Each of their franchises has slowly fallen away until only the big two remained: Pro Evolution Soccer and Metal Gear Solid. With the success of EA Sports in monetizing their FIFA games by selling card packs as part of the FIFA Ultimate Team game mode Konami has slowly being moving towards a similar monetization model in PES. They’ve added their own version of the mode and started selling agents who give you a chance at winning higher ranked superstar players into your team. So with that done, PES has managed to remain alive despite selling less than FIFA.

So the elephant in the room is just how Konami was going to handle Metal Gear Solid. It’s a franchise that has come to mean a whole lot to many gamers with some of gaming’s finest moments.

Hideo Kojima, the man behind the series has always pushed the boundaries of gaming, and that meant that the latest offering, Metal Gear Solid V: The Phantom Pain, racked up huge development costs and with Konami not really caring too much about console gaming they slowly started trying to cut their losses. People started noticing that Kojima’s development studio had their name and logos erased from the cover of the game. There were numerous articles mentioning how draconian Konami had become towards their staff and even the Japanese press covered how they had become a ‘black’ company.

When Metal Gear Solid V did release it was greeted with almost universal acclaim from the press and gamers bought it in droves, me among them. It’s one of the best stealth games I’ve played with a control system that embarrasses competitors such as the Assassin’s creed series. But at the same time there were a few parts of the game that were incongruous with the franchise as a whole. There is an online component that sees gamers battling each other on bases they can construct, but to build your base you have to either be very patient and collect all the materials you find in the game, or you can take the easy route and pony up a few dollars to get quicker access to more defenses and weapons.

Further more, the game’s conclusion seemed particularly rushed, almost as though Konami forced Kojima to stop sooner than he wanted to.
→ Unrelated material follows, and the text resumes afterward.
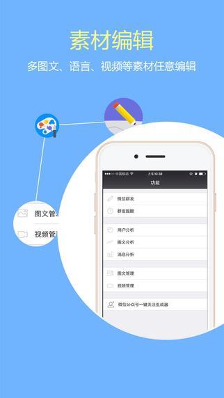 獨創(chuàng)圖文素材管理,與官方完全同步,預覽、新建、刪除、編輯,支持各種富文本標簽,移動終端編輯圖文不再是雞肋
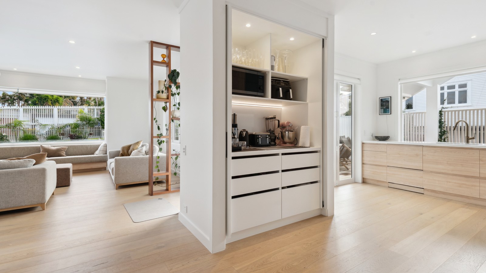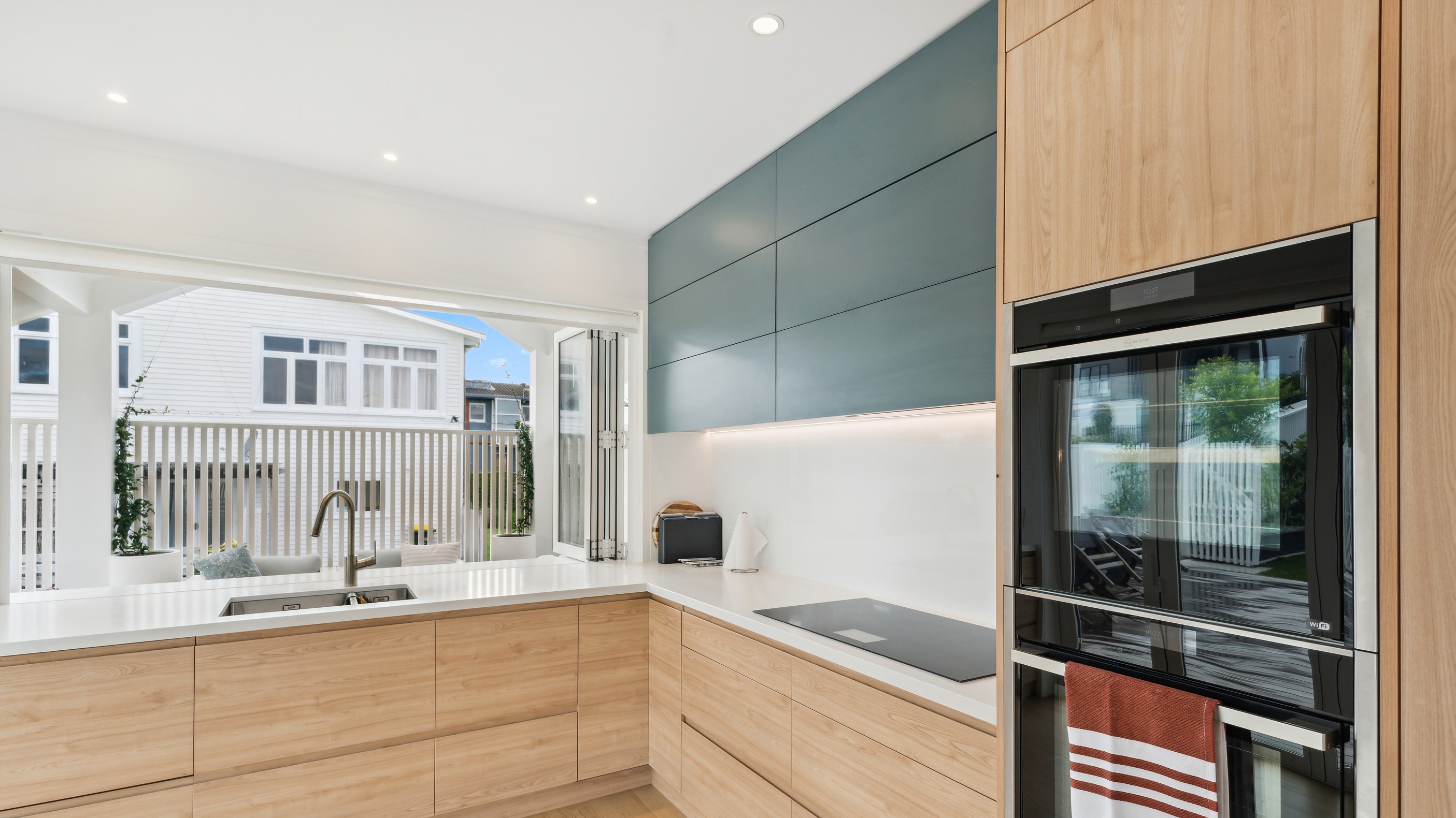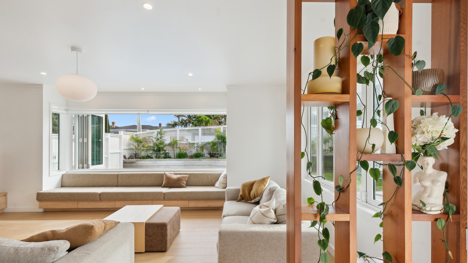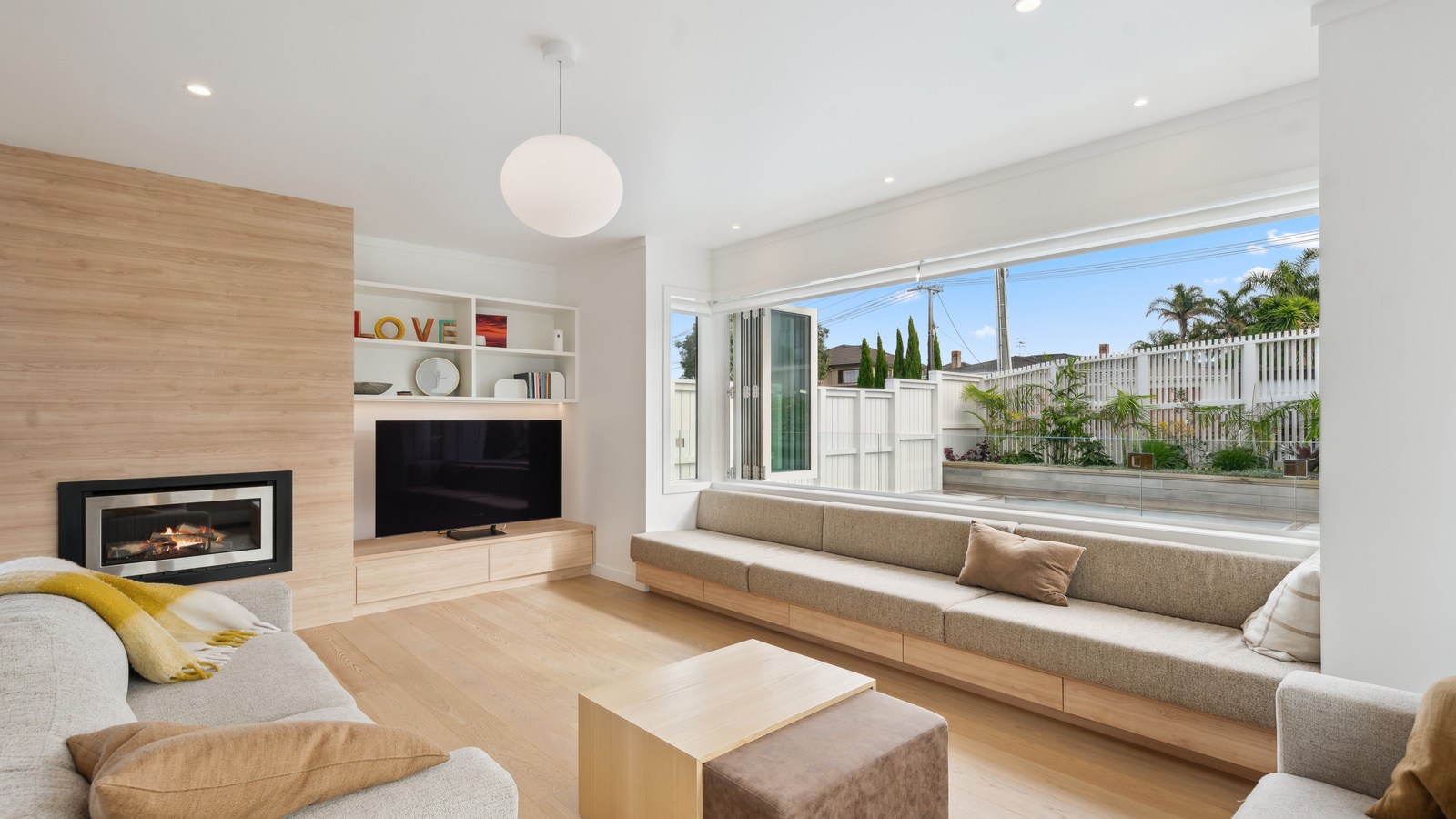 Meanwhile, downstairs, expansive timber floors provide the base for open-plan living and dining areas that flow naturally into the stylish kitchen. Sliding windows open onto a covered breakfast bar area, enhanced by glazed louvres and a retractable umbrella — a space ideal for a family barbecue or Friday evening drinks with friends. Downstairs, the thoughtful design aims to provide younger family members with their own domain — comprising bedrooms, bathroom and a dedicated lounge. Step outside to discover a pristine back garden complemented by a sparkling pool that anchors the inviting outdoor spaces of a home built with just about everything in mind.

The mission structure of the game also seemed geared towards repetitive gameplay in order to generate more funds / materials for your base and the online PvP modes. Things were not looking good…

Towards the tail end of 2015 MGS V won numerous awards at The Game Show and not surprisingly, Kojima was not to be found, with host Geoff Keighley saying the following:

“Mr. Kojima had every intention of being with us tonight, but unfortunately he was informed by a lawyer representing Konami just recently that he would not be allowed to travel to tonight’s award ceremony to accept any awards. He’s still under an employment contract and it’s disappointing.”

What was really amazing to see was the vitriolic reaction the audience had with loud boos and jeers showing just how fed up they had become with Konami’s treatment of it’s staff.

Konami’s response to all this? Pretty much total ambivalence. After all, they had no worries about trying to cater to the whims of a fickle gaming audience any more. They had moved on to more lucrative markets and pretty much couldn’t care at all what gamers thought of them.

Things got even more interesting when people started asking Konami whether Kojima and his team were still working as part of Konami and Konami simply stated that Kojima was ‘on holiday’. After a few weeks that line of reasoning was pretty much thrown out when it was announced that Kojima was indeed terminated and his staff were let go as well.

The silver lining on all this is that Kojima was soon snapped up by Sony and is already working on his next game. I really hope that he can team up with Norman Reedus and Guillermo del Toro to work on P.T. / Silent Hills which was a horror game that looked like it would be amazing, that is until Konami also shuttered it without even a second thought.

As a fan of Kojima, PES, and the Metal Gear franchise I’m really sad to send how these games have all been thrown away by a corporation that is more worried about its bottom line rather than being an artistic outlet in an industry that sees very little actual progress in terms of pushing the boundaries of just what games are. Hopefully Kojima will be just as unique at Sony as he was at Konami and he will bring us plenty of thought provoking games in the upcoming years, if not decades.